Ни одно из российских недовольств, ни по отдельности, ни вместе взятых, не было равносильно нападению на Россию или "добросовестному страху" перед нападением, который оправдывал бы "оборонительную войну" против Украины. У Германии конца 1930-х годов было столько же серьезных претензий, сколько у России в 2022 году, если не больше (и не было ядерного оружия, с помощью которого можно было бы защититься), но ни одна из претензий Германии не оправдывала агрессивную войну против Польши. Судья Джексон в очередной раз дал ответ, подчеркнув принципиальную разницу между обоснованным выводом о том, что Германия совершила преступление агрессии, и ошибочной "позицией, согласно которой у Германии не было никаких претензий". Мы не будем выяснять условия, которые способствовали возникновению этой войны. Их должна разгадать история. В нашу задачу не входит подтверждение европейского статус-кво на 1933 год или на какую-либо другую дату".

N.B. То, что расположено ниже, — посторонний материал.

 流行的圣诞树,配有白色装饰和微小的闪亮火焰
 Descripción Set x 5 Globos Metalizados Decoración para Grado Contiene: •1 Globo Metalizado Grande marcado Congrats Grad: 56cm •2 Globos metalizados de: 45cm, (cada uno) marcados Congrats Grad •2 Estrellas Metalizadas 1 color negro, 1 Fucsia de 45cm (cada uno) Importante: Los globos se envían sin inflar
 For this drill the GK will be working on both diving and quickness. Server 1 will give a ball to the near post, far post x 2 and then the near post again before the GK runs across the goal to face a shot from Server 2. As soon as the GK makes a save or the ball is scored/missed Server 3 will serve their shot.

Какими бы ни были претензии России к европейскому статус-кво по состоянию на 2022 год, ничто не оправдывает агрессивную войну, развязанную ею против Украины. Ничто не оправдывало убийства, ранения и изгнание из своих домов миллионов украинцев. Убедительная сила следующего заявления судьи Джексона, сделанного в Нюрнберге в 1946 году от имени четырех победивших союзников, включая Советский Союз, полностью применима к России 2020-х годов:
Наша позиция заключается в том, что какие бы претензии ни имела нация, каким бы неприемлемым она ни считала существующее положение вещей, агрессивная война является незаконным средством урегулирования этих претензий или изменения условий. Возможно, Германия 1920-х и 1930-х годов столкнулась с отчаянными проблемами, которые потребовали бы самых смелых мер, но не войны. Все остальные методы - убеждение, пропаганда, экономическая конкуренция, дипломатия - были открыты для пострадавшей страны, но агрессивная война была вне закона.

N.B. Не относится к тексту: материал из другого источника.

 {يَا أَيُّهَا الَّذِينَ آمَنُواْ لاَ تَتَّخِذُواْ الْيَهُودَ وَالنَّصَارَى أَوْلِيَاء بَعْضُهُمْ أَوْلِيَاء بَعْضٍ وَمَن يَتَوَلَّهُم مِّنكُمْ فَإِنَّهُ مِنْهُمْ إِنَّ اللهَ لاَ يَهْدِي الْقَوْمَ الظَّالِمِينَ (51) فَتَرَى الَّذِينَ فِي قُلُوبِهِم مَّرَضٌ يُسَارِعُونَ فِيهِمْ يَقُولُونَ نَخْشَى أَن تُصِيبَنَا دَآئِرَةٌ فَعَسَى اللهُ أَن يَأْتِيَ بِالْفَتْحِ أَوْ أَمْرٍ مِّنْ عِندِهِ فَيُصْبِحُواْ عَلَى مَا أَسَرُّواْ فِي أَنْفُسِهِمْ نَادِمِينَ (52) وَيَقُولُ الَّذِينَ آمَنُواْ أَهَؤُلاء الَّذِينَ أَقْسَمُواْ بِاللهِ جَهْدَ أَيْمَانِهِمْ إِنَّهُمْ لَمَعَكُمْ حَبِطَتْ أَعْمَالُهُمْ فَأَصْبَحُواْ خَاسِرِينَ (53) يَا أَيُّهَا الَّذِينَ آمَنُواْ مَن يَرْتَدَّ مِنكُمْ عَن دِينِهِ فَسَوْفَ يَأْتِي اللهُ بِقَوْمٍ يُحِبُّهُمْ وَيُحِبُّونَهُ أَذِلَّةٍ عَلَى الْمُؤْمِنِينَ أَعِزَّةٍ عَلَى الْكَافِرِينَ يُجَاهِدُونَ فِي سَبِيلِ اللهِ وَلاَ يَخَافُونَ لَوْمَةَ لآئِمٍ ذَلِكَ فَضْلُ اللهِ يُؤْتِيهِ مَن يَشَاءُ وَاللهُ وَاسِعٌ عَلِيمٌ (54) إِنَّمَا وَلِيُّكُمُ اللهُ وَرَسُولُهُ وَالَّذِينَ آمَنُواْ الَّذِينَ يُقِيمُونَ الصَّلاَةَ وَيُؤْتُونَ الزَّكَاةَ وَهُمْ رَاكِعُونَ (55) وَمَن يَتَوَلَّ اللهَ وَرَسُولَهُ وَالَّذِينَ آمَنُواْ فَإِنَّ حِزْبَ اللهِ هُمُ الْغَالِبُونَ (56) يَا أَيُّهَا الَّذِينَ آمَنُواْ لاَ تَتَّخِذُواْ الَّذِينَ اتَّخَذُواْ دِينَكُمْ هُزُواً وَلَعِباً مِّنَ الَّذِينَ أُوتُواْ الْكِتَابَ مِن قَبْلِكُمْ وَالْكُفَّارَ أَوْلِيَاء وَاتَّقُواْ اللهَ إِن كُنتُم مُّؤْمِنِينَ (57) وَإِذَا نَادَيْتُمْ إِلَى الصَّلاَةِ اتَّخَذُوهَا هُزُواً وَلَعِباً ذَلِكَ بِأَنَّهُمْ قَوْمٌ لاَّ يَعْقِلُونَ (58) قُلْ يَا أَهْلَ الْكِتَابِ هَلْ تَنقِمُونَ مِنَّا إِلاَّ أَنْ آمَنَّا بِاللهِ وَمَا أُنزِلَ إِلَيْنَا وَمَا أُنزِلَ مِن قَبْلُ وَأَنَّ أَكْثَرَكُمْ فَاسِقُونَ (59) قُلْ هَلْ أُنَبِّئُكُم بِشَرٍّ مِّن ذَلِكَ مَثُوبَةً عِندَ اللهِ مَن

В этом свете, несмотря на калейдоскопический перечень претензий, жалоб, критических замечаний, возражений и опасений, Россия виновна в развязывании агрессивной войны против Украины не меньше, чем Германия в развязывании агрессивной войны против Польши. Тот факт, что она сделала это, заявив, что Украина находится под игом неонацистов, является дополнительной, ужасной иронией, которая, несомненно, будет занимать историков далеко в будущем.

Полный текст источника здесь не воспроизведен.